Within the records that follow, restate exactly the lines from the line with "your various needs." down to the line with "[Female] rathraina naakhu ok pagalaina naakokhe class", including both. Omit the pictures.

Start of Input records

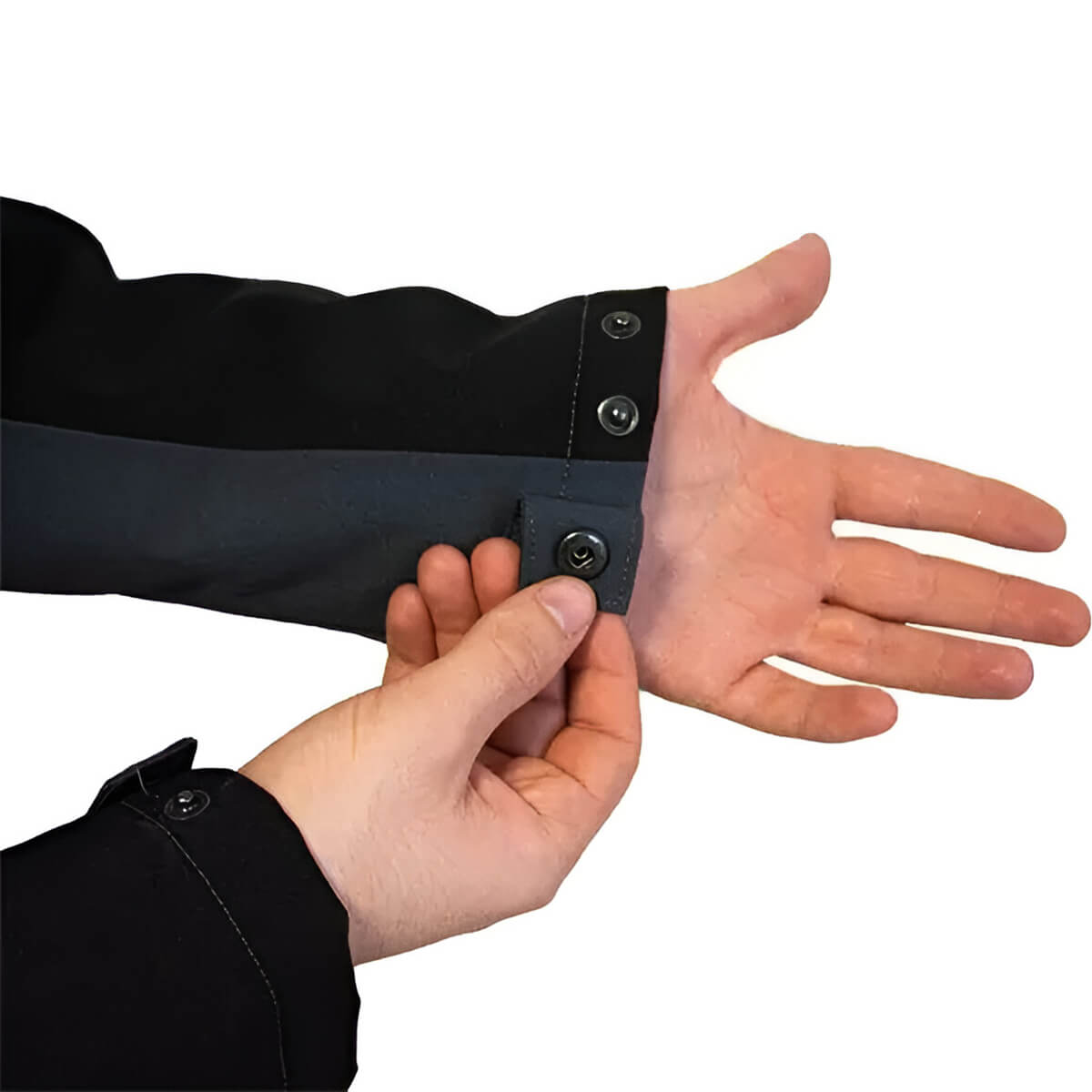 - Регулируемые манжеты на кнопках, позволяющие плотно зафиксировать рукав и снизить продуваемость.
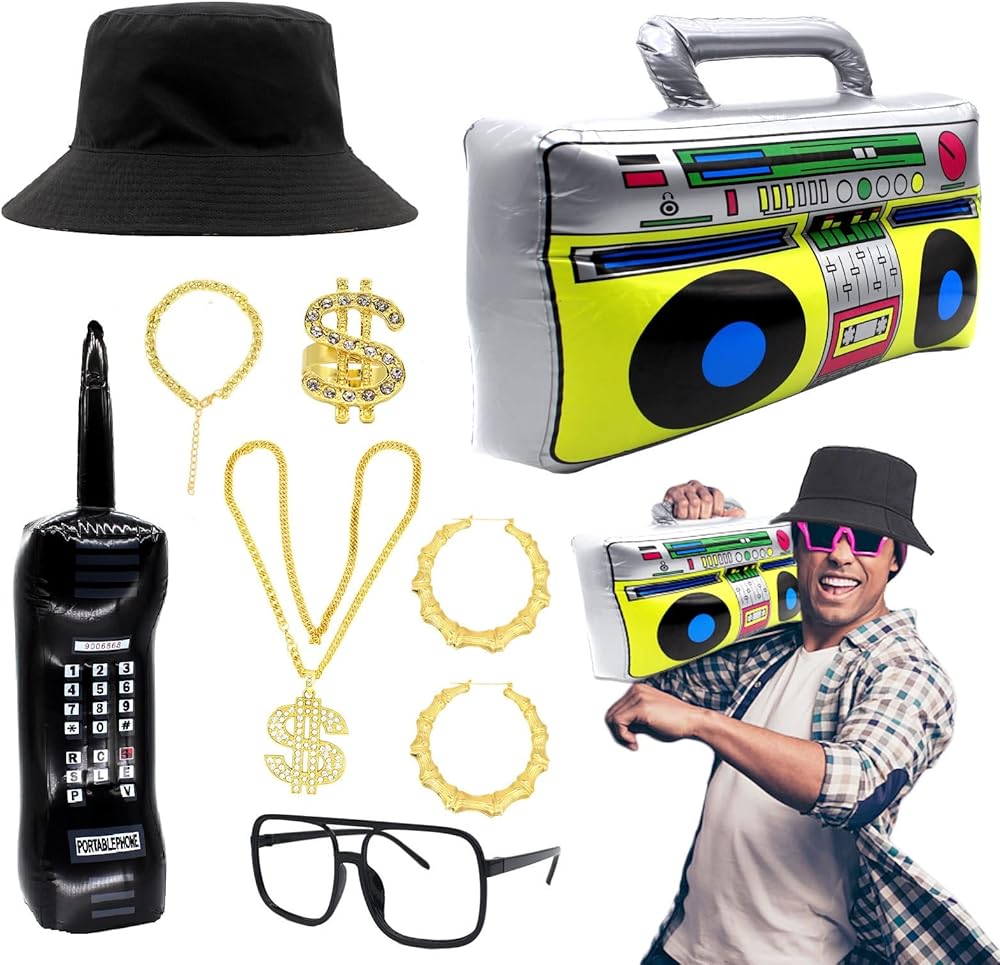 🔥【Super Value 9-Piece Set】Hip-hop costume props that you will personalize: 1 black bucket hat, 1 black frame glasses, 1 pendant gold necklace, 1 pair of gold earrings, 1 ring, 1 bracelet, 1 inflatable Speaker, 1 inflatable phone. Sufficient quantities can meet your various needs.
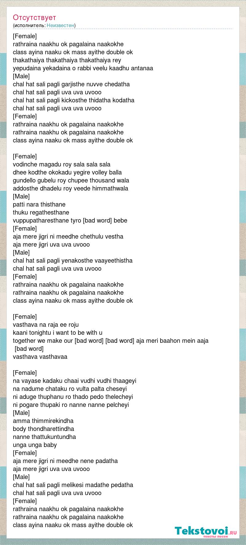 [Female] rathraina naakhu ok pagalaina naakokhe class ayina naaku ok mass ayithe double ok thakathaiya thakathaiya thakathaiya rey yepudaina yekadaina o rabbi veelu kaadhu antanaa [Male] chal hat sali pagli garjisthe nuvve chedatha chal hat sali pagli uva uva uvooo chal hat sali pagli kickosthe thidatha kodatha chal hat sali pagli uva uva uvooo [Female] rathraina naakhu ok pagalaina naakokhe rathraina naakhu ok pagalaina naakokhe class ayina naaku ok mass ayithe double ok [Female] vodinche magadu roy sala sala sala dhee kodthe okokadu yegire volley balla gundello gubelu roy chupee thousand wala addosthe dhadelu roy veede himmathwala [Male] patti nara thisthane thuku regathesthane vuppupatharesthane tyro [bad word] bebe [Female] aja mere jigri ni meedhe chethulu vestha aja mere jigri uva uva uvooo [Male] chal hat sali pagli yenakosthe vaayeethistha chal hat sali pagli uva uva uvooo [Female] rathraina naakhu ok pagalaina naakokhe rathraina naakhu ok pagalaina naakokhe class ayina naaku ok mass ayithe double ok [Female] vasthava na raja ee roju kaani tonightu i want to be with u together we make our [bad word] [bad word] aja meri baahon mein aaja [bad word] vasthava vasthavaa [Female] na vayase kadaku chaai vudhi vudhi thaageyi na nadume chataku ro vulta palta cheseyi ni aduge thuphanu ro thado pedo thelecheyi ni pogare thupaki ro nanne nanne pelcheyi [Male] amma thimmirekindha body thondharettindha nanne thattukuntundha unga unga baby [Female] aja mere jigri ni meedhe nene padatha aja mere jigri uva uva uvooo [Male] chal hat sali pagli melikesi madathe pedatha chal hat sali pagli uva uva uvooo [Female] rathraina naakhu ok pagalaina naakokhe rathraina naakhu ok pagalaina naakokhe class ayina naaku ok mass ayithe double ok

End of Input records
Start of Input records

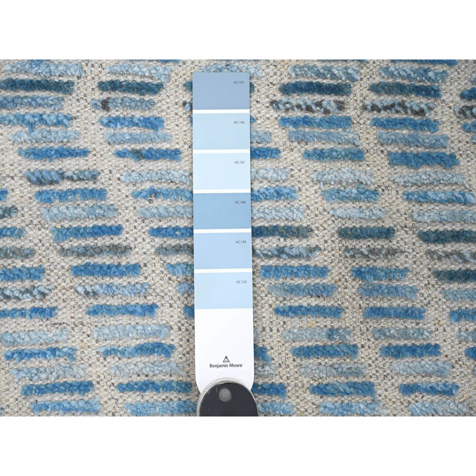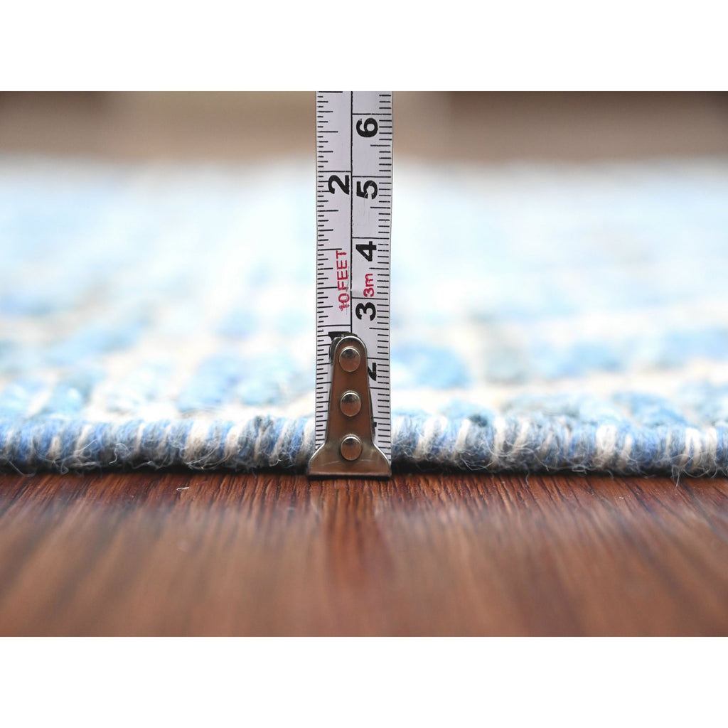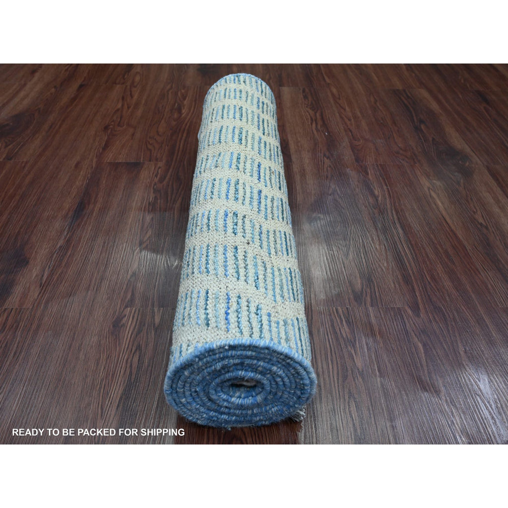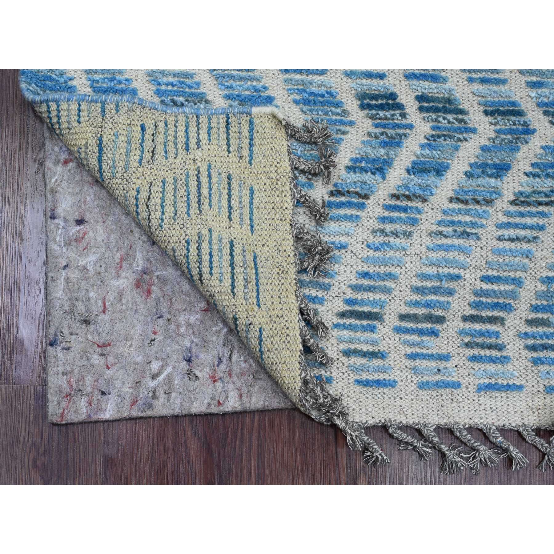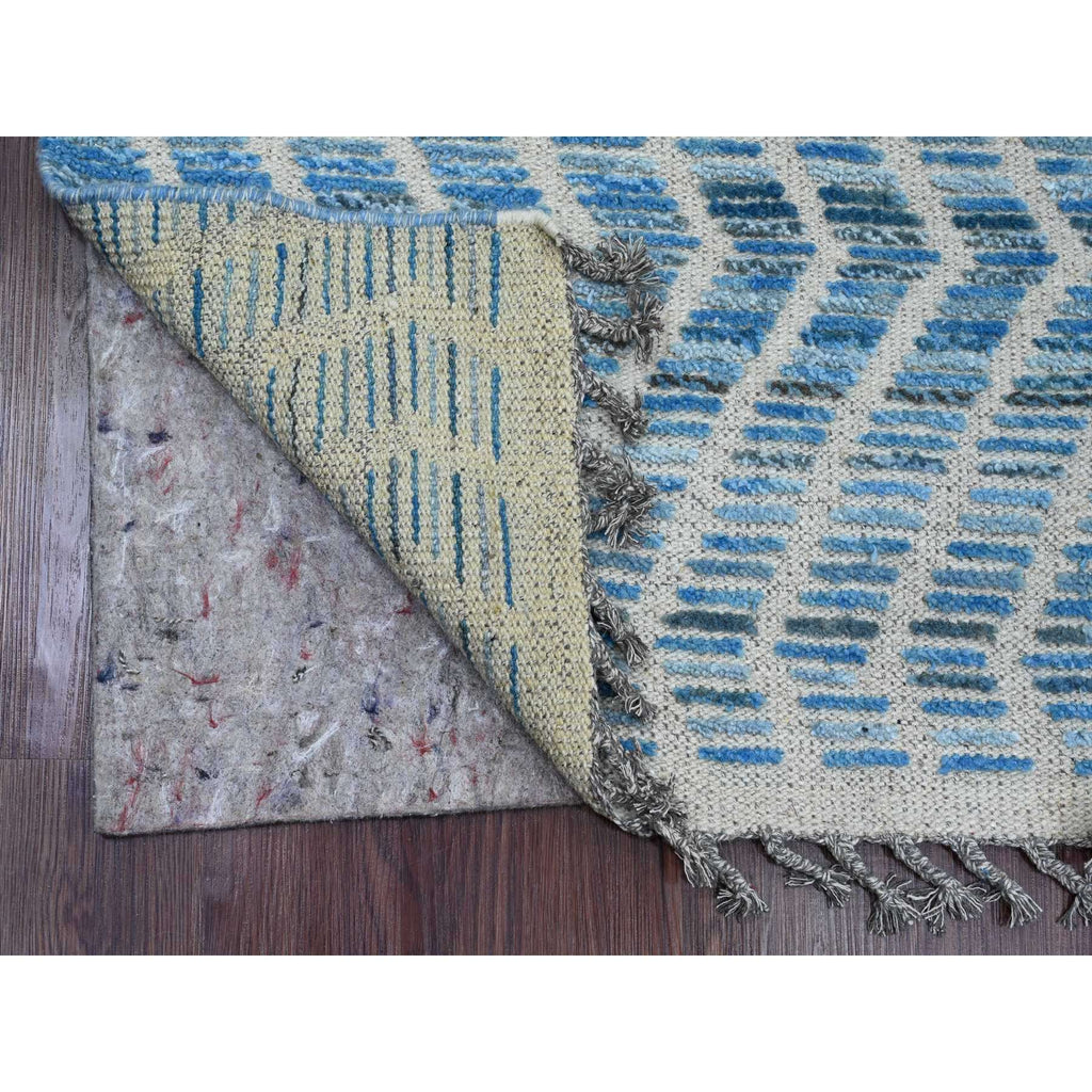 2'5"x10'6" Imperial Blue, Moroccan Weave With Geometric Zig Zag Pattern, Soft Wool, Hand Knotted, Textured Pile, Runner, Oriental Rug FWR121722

End of Input records

#### Task answer:
 🔥【Super Value 9-Piece Set】Hip-hop costume props that you will personalize: 1 black bucket hat, 1 black frame glasses, 1 pendant gold necklace, 1 pair of gold earrings, 1 ring, 1 bracelet, 1 inflatable Speaker, 1 inflatable phone. Sufficient quantities can meet your various needs.
 [Female] rathraina naakhu ok pagalaina naakokhe class ayina naaku ok mass ayithe double ok thakathaiya thakathaiya thakathaiya rey yepudaina yekadaina o rabbi veelu kaadhu antanaa [Male] chal hat sali pagli garjisthe nuvve chedatha chal hat sali pagli uva uva uvooo chal hat sali pagli kickosthe thidatha kodatha chal hat sali pagli uva uva uvooo [Female] rathraina naakhu ok pagalaina naakokhe rathraina naakhu ok pagalaina naakokhe class ayina naaku ok mass ayithe double ok [Female] vodinche magadu roy sala sala sala dhee kodthe okokadu yegire volley balla gundello gubelu roy chupee thousand wala addosthe dhadelu roy veede himmathwala [Male] patti nara thisthane thuku regathesthane vuppupatharesthane tyro [bad word] bebe [Female] aja mere jigri ni meedhe chethulu vestha aja mere jigri uva uva uvooo [Male] chal hat sali pagli yenakosthe vaayeethistha chal hat sali pagli uva uva uvooo [Female] rathraina naakhu ok pagalaina naakokhe rathraina naakhu ok pagalaina naakokhe class ayina naaku ok mass ayithe double ok [Female] vasthava na raja ee roju kaani tonightu i want to be with u together we make our [bad word] [bad word] aja meri baahon mein aaja [bad word] vasthava vasthavaa [Female] na vayase kadaku chaai vudhi vudhi thaageyi na nadume chataku ro vulta palta cheseyi ni aduge thuphanu ro thado pedo thelecheyi ni pogare thupaki ro nanne nanne pelcheyi [Male] amma thimmirekindha body thondharettindha nanne thattukuntundha unga unga baby [Female] aja mere jigri ni meedhe nene padatha aja mere jigri uva uva uvooo [Male] chal hat sali pagli melikesi madathe pedatha chal hat sali pagli uva uva uvooo [Female] rathraina naakhu ok pagalaina naakokhe rathraina naakhu ok pagalaina naakokhe class ayina naaku ok mass ayithe double ok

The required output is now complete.